While the underlying mechanism of MTX-induced hepatotoxicity remains to be fully elucidated[7,15,16,24], increases in oxidative stress (caused by ROS) have been linked to the effects of MTX; moreover, MTX-induced toxicity has been shown to be associated with increases in lipid peroxidation in various tissues, such as liver, kidney and ileum, using rat model systems[1,5,16,25,26].
In the present study, MTX was shown to significantly alter the oxidant/antioxidant balance in a rat model system. In addition, MTX was shown to increase the level of MDA activity as well as to decrease the levels of GSH and SOD activities in liver, but to have no observable affect on CAT activity. These results are similar to those from previous studies of MTX affects in liver tissue[4,5,7,14,24,27]. In addition, Hadi et al[6] reported that MTX treatment of rats led to increased serum MDA level and decreased serum GSH level.

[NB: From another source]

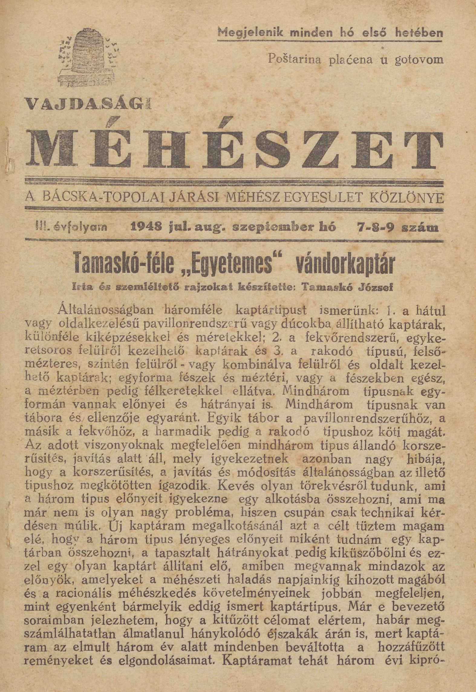 Vajdasági méhészet Bácska Topolya, 3. évf. 1948. július 1. – szeptember 1. 7–9. sz.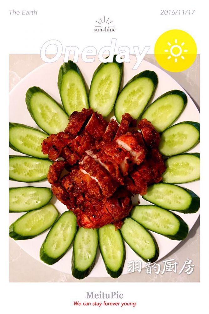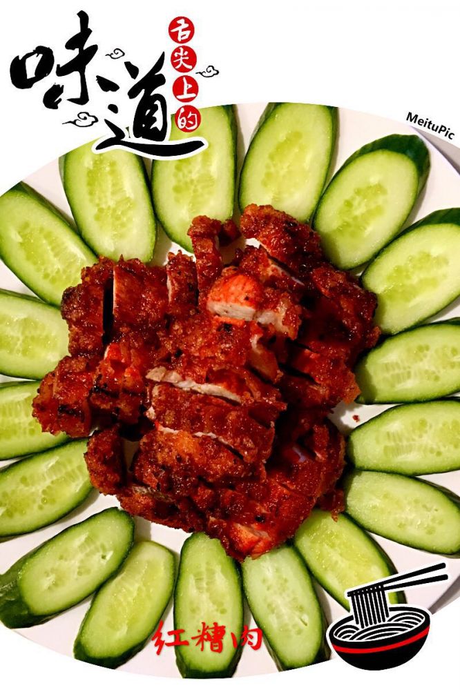 4,乘热把红糟肉切片摆盘,食用时可搭配黄瓜片。

Previous studies in rats have also shown that prophylactic delivery of multiple antioxidant agents can prevent MTX-induced hepatotoxicity. For example, Tunali-Akbay et al[14] and Dalaklioglu et al[3] demonstrated that resveratrol, a potent antioxidant in rats but with unknown and questionable efficacy in humans, protects against MTX-induced hepatotoxicity by decreasing hepatic MDA tissue level and increasing hepatic GSH and CAT activities. Ali et al[28] demonstrated the protective effect of chrysin against MTX-induced hepatotoxicity and showed that the drug was capable of enhancing the therapeutic index of MTX when the two were administered simultaneously. Demiryilmaz et al[29] demonstrated that administration of thiamine phosphate to rats led to significant reductions in oxidant parameters (i.e., MDA and MPO) and to increases in antioxidant parameters (i.e., GSH and SOD) in the liver tissue. Uraz et al[27] showed that ursodeoxycholic acid provided protection against MTX-induced hepatocyte, again by using the rat model system. Vardi et al[5] reported that therapeutic delivery of β-carotene, an important source of vitamin A in the human diet and having antioxidant properties, led to decreased hepatic MDA activity and increased hepatic SOD, CAT and GSH peroxidase (GPx) activities under conditions of MTX-induced liver injury in rats. Finally, Cetin et al[4] reported that therapeutic delivery of the bioactive resin propolis, another natural compound (produced by the honeybee Apis mellifera, L.) with antioxidant potential, led to the same effects on MDA, SOD, CAT and GPx activities in the MTX-induced liver injury rat model.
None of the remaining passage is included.